Stored dataset items

Start of Block

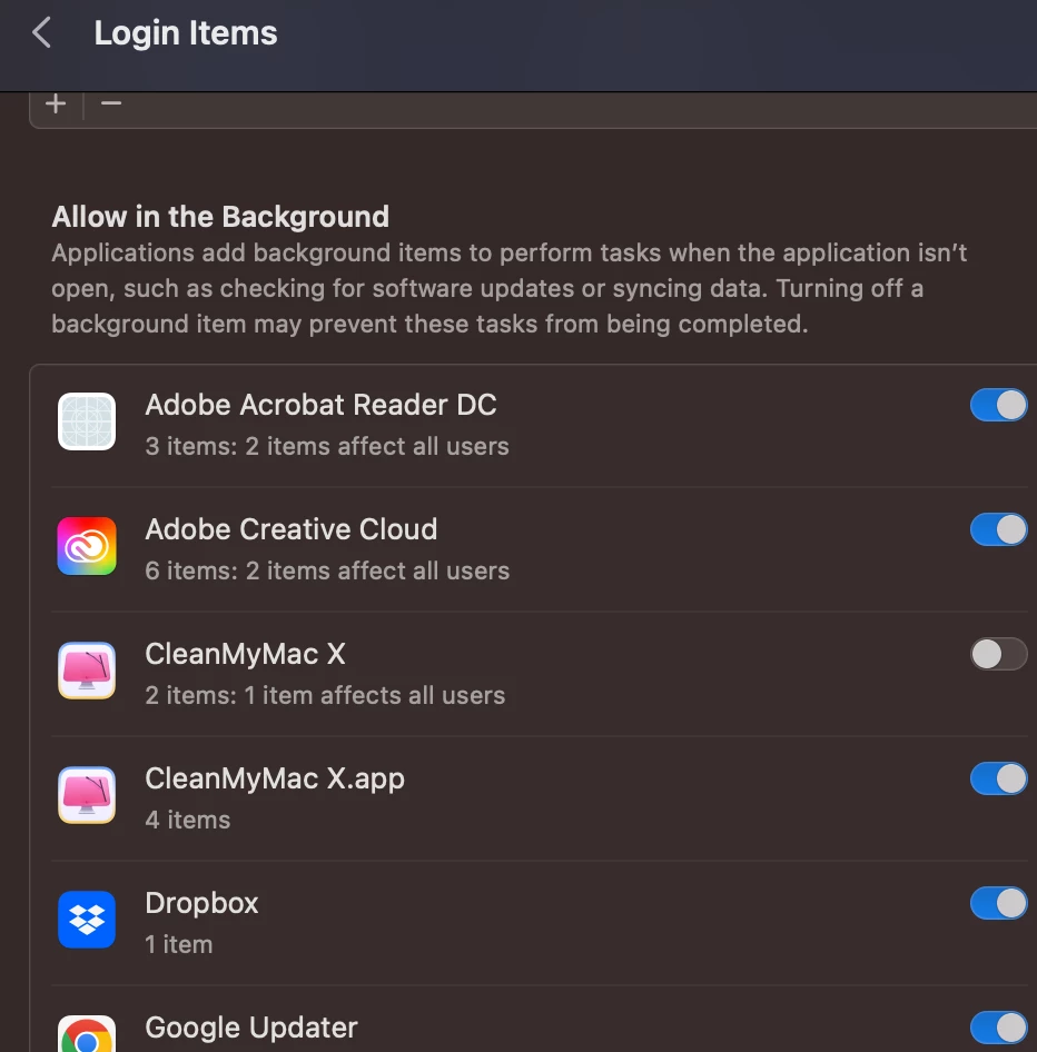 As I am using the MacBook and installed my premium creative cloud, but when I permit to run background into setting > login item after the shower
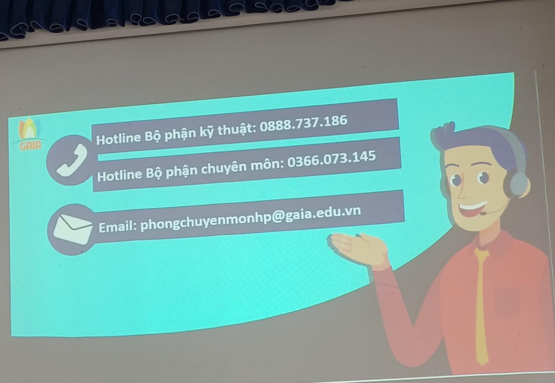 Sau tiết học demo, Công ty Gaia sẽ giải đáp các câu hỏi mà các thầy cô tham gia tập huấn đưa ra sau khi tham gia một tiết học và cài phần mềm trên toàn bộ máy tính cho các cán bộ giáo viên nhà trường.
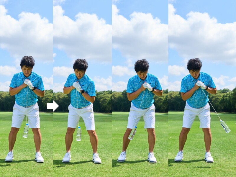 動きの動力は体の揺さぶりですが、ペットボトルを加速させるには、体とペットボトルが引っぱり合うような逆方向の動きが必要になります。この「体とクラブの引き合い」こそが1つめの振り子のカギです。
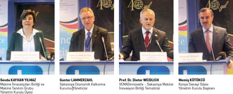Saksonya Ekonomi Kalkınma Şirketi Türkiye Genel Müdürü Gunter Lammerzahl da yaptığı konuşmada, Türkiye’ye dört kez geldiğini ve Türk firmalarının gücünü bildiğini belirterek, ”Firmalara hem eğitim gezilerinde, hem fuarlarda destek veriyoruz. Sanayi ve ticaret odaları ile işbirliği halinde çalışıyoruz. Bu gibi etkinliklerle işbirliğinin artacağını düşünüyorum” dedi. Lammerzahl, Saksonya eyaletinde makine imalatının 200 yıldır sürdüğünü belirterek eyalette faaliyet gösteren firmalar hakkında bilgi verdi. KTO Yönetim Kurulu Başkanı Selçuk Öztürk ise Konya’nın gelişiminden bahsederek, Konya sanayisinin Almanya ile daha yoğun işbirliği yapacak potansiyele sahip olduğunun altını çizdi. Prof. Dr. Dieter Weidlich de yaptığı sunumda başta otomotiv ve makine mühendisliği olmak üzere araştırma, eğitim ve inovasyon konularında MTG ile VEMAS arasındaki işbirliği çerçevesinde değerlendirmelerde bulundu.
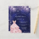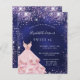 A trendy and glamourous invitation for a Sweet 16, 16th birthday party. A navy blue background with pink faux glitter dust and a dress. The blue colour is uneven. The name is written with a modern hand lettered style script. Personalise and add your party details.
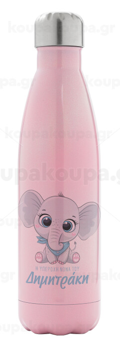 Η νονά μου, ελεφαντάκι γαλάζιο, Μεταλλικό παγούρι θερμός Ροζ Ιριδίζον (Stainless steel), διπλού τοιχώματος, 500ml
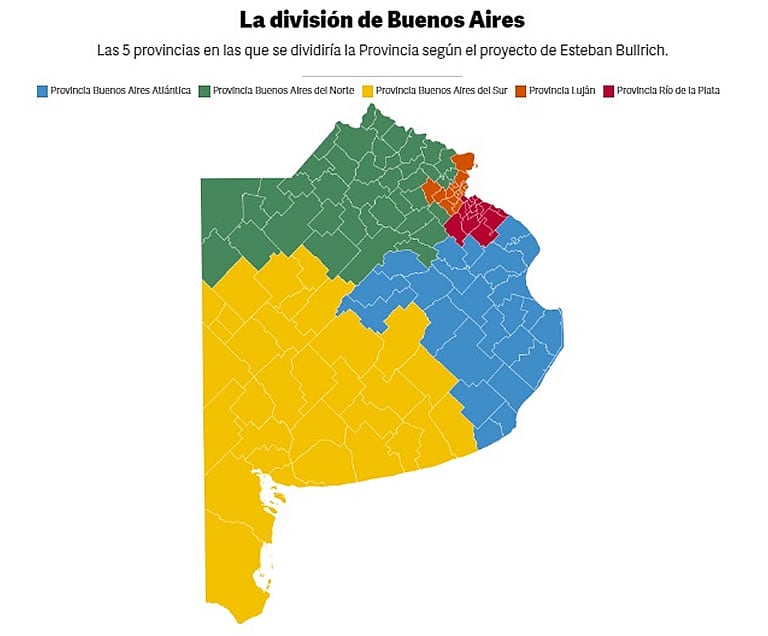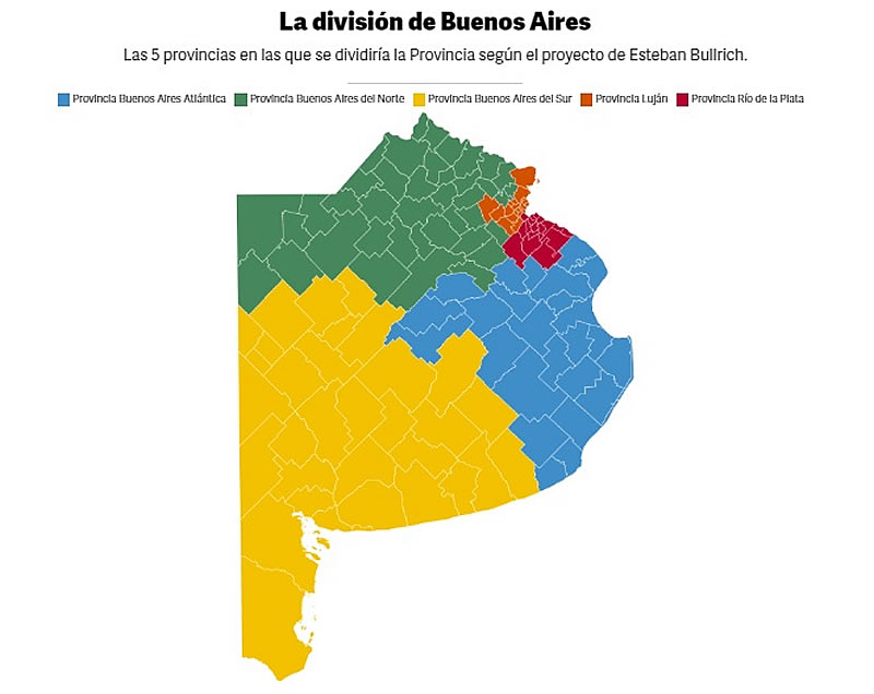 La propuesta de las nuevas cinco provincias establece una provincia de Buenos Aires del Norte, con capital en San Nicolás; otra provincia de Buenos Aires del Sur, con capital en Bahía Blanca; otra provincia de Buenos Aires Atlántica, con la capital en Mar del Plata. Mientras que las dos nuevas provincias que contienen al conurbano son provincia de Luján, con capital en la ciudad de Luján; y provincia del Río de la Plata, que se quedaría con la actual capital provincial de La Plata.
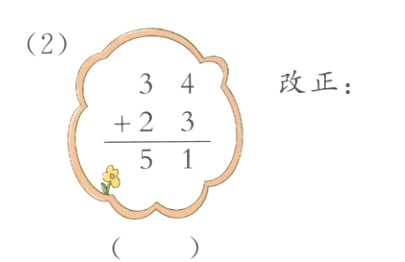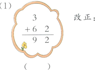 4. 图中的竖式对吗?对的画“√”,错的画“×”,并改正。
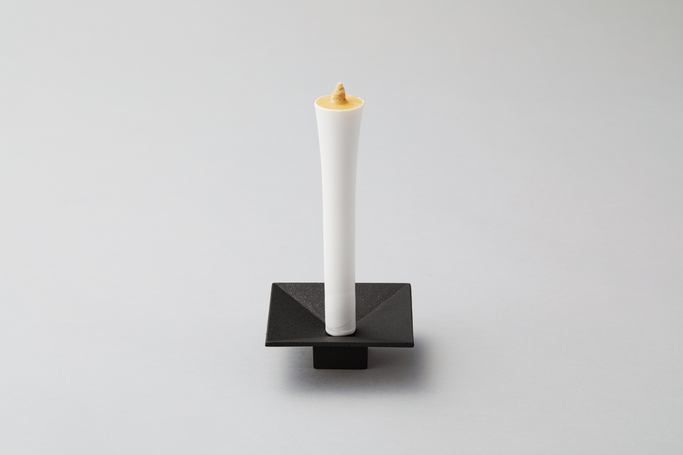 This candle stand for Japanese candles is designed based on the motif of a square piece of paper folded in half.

End of Block

### Your instructions
From the line with "A trendy and" to the final line of the entries above, reproduce each line exactly and nothing else; the pictures stay out.

### Reply
 A trendy and glamourous invitation for a Sweet 16, 16th birthday party. A navy blue background with pink faux glitter dust and a dress. The blue colour is uneven. The name is written with a modern hand lettered style script. Personalise and add your party details.
 Η νονά μου, ελεφαντάκι γαλάζιο, Μεταλλικό παγούρι θερμός Ροζ Ιριδίζον (Stainless steel), διπλού τοιχώματος, 500ml
 La propuesta de las nuevas cinco provincias establece una provincia de Buenos Aires del Norte, con capital en San Nicolás; otra provincia de Buenos Aires del Sur, con capital en Bahía Blanca; otra provincia de Buenos Aires Atlántica, con la capital en Mar del Plata. Mientras que las dos nuevas provincias que contienen al conurbano son provincia de Luján, con capital en la ciudad de Luján; y provincia del Río de la Plata, que se quedaría con la actual capital provincial de La Plata.
 4. 图中的竖式对吗?对的画“√”,错的画“×”,并改正。
 This candle stand for Japanese candles is designed based on the motif of a square piece of paper folded in half.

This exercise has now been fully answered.